• [Material for this task]
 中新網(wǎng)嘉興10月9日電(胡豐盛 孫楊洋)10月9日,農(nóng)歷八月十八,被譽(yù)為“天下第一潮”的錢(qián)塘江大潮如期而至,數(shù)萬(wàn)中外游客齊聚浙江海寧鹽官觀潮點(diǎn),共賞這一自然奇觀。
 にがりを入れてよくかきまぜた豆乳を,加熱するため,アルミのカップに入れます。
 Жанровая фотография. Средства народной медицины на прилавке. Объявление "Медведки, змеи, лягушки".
...
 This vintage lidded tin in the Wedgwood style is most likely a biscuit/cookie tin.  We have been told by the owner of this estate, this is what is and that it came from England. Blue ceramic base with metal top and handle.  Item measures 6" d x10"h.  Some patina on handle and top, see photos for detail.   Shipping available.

• [What the exercise asks]
From the line containing "にがりを入れてよくかきまぜた豆乳を,加熱するため,アルミのカップに入れます。" down to the line containing "Жанровая фотография. Средства" in the material above, reproduce every line exactly, including the two end lines.

• [Answer for the task]
 にがりを入れてよくかきまぜた豆乳を,加熱するため,アルミのカップに入れます。
 Жанровая фотография. Средства народной медицины на прилавке. Объявление "Медведки, змеи, лягушки".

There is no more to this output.